I also took a look at the data and it looks amazing! @sandyie @selenashew Thank you for your effort on it. I'll be reaching out shortly to arrange a meeting where we can talk about details further!

selenashew commented 1 month ago

Hi everyone,

@lizzieinvancouver I can definitely push everything to this repo!

@wangxm-forest Sounds great! We'll be looking forward to the meeting!

  1. @sandyie Do you mind speaking more on this topic? I believe Sandy has the Amazon AWS account for the Textract tool that was used to scrape the data.
  2. All the files together amount to a file size of 22.0 MB. The biggest raw scraped data table is 14 KB and is located in ./800-900/wo_ah727-19-1203-801-900-31-40.zip, "germination_table-1.csv".

The manual work that was done was in checking through all of the scraped data tables, re-labelling the more relevant ones to reflect which type of table it is (phenology, germination, or seed), and in compiling the relevant data in the master spreadsheet. No other cleaning has been done yet for the master spreadsheet, which I am happy to do in R.

@sandyie can also confirm the total hours it took to run the entire manual through the Textract tool. In terms of the manual work that was done, it took about 15 hours on my part, with an additional 10 hours in logistical planning between Sandy and I as we researched possible tools and strategies, tested them out, and discussed how to proceed with this project.

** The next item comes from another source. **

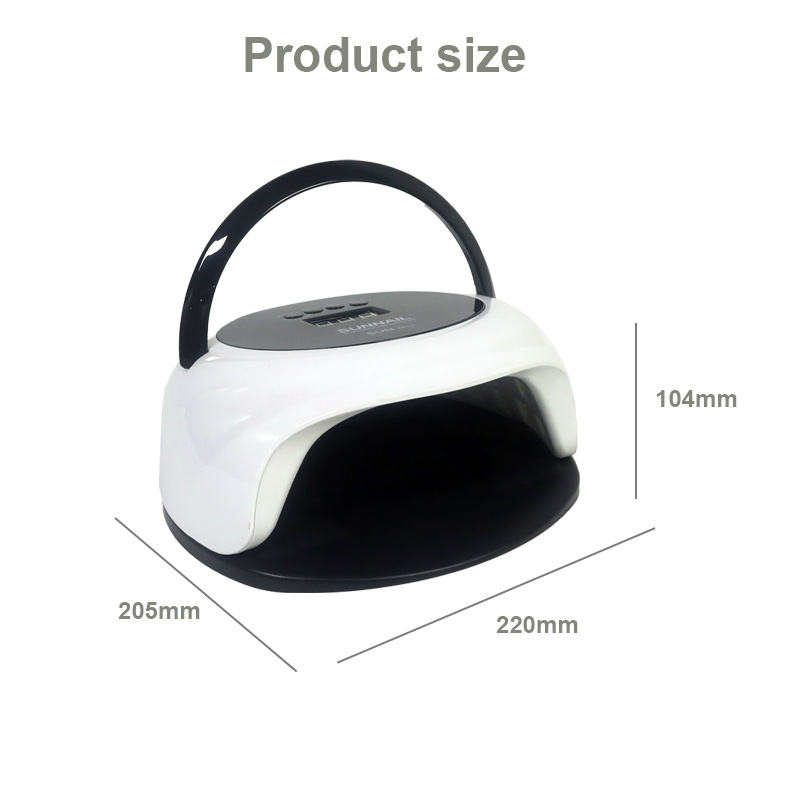 ขนาดของโคมไฟอบเล็บพร้อมฟังก์ชั่นเซ็นเซอร์อัตโนมัติ มีความยาว 205 มม. กว้าง 220 มม. สูง 104 มม. มีความจุขนาดใหญ่และสามารถใช้งานทั้งมือและเท้าได้สะดวกมาก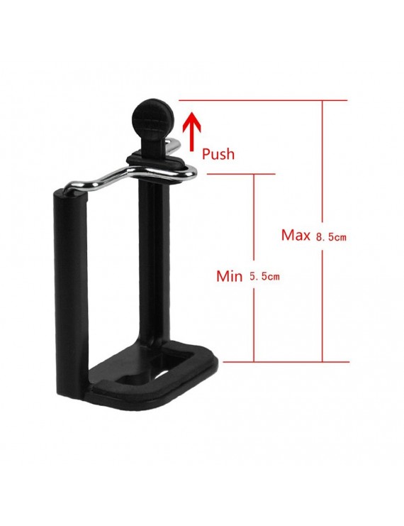 Soporte telefónico ajustable y ligero, fácil de usar. - Con agujero trípode estándar, se puede instalar en cualquier trípode ¼” - El estiramiento es elástico y automático - La ranura tiene un acolchado en los lados y la parte delantera, de dos niveles, fortalecer las abrazaderas de esponja para evitar que se caiga. Es eficaz y antideslizante.

lizzieinvancouver commented 1 month ago

@selenashew Thanks for this! If all the output together is 22 MB then we should add all this to the EGRET repo, including all code, a README etc. I think we should make a new folder in analyses called scrapeUSDAseedmanual -- put code of any type in there and add an input folder (for files that come from outside the code ... that maybe just the manual PDF (22 MB I think so should be okay) and output folder for files the code writes out. I might also add separate folders for scraping and cleaning to keep the scripts separate, but depends on how many you have. Let me know if you have any questions and thank you again!

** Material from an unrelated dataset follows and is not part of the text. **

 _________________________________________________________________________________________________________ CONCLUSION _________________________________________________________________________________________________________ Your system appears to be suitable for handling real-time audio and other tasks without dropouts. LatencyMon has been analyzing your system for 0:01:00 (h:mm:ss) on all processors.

selenashew commented 1 month ago

I've pushed all files on hand to the repo with the requested folders and have also properly formatted the README file. I will be meeting with @DeirdreLoughnan on May 24 to discuss data cleaning steps and @wangxm-forest on May 30 to discuss data scraping.

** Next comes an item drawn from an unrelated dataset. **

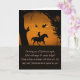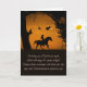 Um cartão de cavalo e cavaleiro na noite de Halloween. Uma bruxa e seus familiares, um gato preto, coruja e coruja, carvalho e lua crescente e um poema divertido para o Halloween. Deseje a alguém um Halloween extraordinário, incrível, único, excepcional, especial, divertido e notável!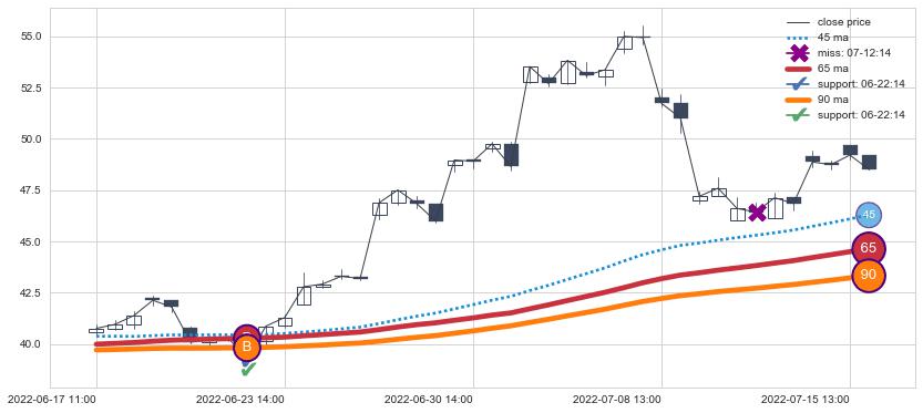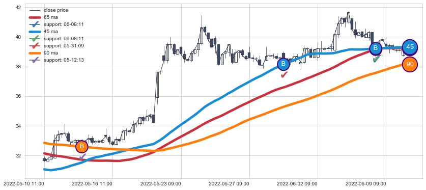 上涨趋势05-10 11:00-06-10 09:00,均线65, 90, 45确认关键支撑3处

lizzieinvancouver commented 3 weeks ago

@selenashew This looks very good! I think you can close this issue unless you or @DeirdreLoughnan think of any good reasons not to (we can set up a separate cleaning issue).

DeirdreLoughnan commented 3 weeks ago

@selenashew @lizzieinvancouver I agree you should feel free to close the issue.

Moving forward we will continue to use git issue #20 to discuss the data cleaning.